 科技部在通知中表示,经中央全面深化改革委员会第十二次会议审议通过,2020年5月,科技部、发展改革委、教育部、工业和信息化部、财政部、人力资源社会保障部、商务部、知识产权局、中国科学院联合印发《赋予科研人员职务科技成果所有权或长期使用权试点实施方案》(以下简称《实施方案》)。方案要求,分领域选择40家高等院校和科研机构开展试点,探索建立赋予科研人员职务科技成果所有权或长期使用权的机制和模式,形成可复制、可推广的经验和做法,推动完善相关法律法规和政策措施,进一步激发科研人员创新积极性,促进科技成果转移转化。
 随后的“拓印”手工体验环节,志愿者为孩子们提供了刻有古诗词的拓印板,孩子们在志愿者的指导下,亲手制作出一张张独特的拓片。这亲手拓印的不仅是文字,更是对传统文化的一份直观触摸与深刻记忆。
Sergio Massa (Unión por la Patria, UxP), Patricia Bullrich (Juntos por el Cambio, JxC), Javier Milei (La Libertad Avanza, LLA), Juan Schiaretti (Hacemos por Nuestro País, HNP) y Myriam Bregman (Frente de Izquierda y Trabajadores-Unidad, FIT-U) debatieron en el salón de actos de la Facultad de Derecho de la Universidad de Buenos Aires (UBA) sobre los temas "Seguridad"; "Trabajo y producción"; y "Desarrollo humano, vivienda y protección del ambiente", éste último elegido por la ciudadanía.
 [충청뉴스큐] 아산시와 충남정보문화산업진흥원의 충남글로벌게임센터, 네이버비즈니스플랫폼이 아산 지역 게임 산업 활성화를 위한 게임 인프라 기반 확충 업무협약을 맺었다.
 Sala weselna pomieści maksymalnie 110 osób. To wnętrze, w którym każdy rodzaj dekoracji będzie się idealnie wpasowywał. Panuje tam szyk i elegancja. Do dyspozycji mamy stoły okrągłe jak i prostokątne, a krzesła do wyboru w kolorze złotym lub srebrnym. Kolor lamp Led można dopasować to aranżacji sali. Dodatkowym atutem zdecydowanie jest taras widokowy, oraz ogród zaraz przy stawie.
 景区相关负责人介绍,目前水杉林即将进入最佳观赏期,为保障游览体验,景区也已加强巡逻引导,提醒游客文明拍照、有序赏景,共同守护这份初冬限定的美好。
* * *
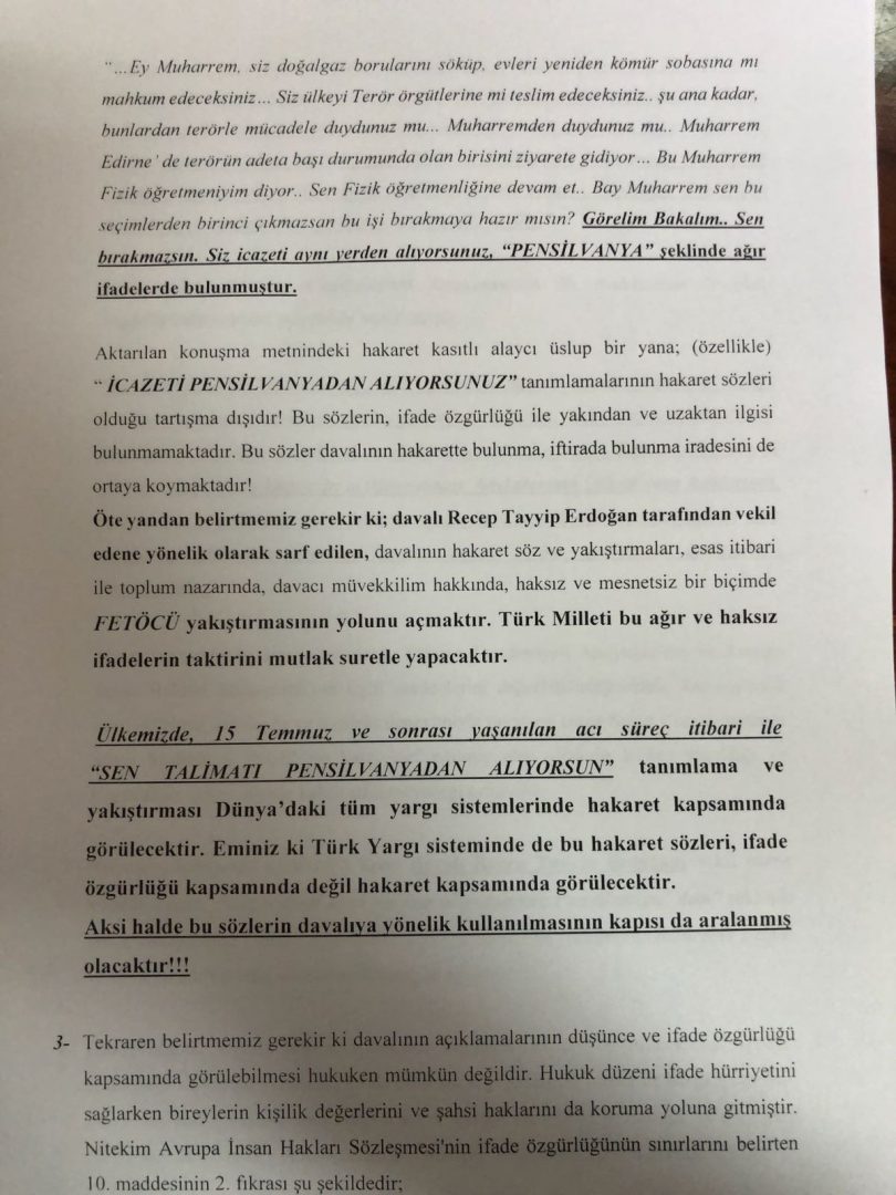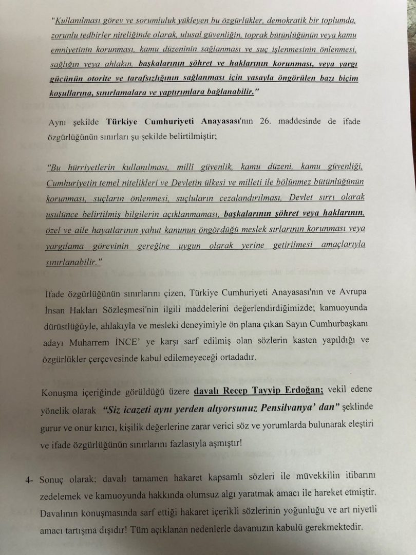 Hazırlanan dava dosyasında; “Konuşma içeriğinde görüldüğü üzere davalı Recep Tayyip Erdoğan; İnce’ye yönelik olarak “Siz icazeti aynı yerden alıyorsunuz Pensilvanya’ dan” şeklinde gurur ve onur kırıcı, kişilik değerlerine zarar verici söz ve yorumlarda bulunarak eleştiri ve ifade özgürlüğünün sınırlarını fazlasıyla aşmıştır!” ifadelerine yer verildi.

● How to complete this task:
Give back exactly the lines of the listing above that run from the line with "科技部在通知中表示,经中央全" to the line with "Sergio Massa (Unión", inclusive.

● Solution to the exercise:
 科技部在通知中表示,经中央全面深化改革委员会第十二次会议审议通过,2020年5月,科技部、发展改革委、教育部、工业和信息化部、财政部、人力资源社会保障部、商务部、知识产权局、中国科学院联合印发《赋予科研人员职务科技成果所有权或长期使用权试点实施方案》(以下简称《实施方案》)。方案要求,分领域选择40家高等院校和科研机构开展试点,探索建立赋予科研人员职务科技成果所有权或长期使用权的机制和模式,形成可复制、可推广的经验和做法,推动完善相关法律法规和政策措施,进一步激发科研人员创新积极性,促进科技成果转移转化。
 随后的“拓印”手工体验环节,志愿者为孩子们提供了刻有古诗词的拓印板,孩子们在志愿者的指导下,亲手制作出一张张独特的拓片。这亲手拓印的不仅是文字,更是对传统文化的一份直观触摸与深刻记忆。
Sergio Massa (Unión por la Patria, UxP), Patricia Bullrich (Juntos por el Cambio, JxC), Javier Milei (La Libertad Avanza, LLA), Juan Schiaretti (Hacemos por Nuestro País, HNP) y Myriam Bregman (Frente de Izquierda y Trabajadores-Unidad, FIT-U) debatieron en el salón de actos de la Facultad de Derecho de la Universidad de Buenos Aires (UBA) sobre los temas "Seguridad"; "Trabajo y producción"; y "Desarrollo humano, vivienda y protección del ambiente", éste último elegido por la ciudadanía.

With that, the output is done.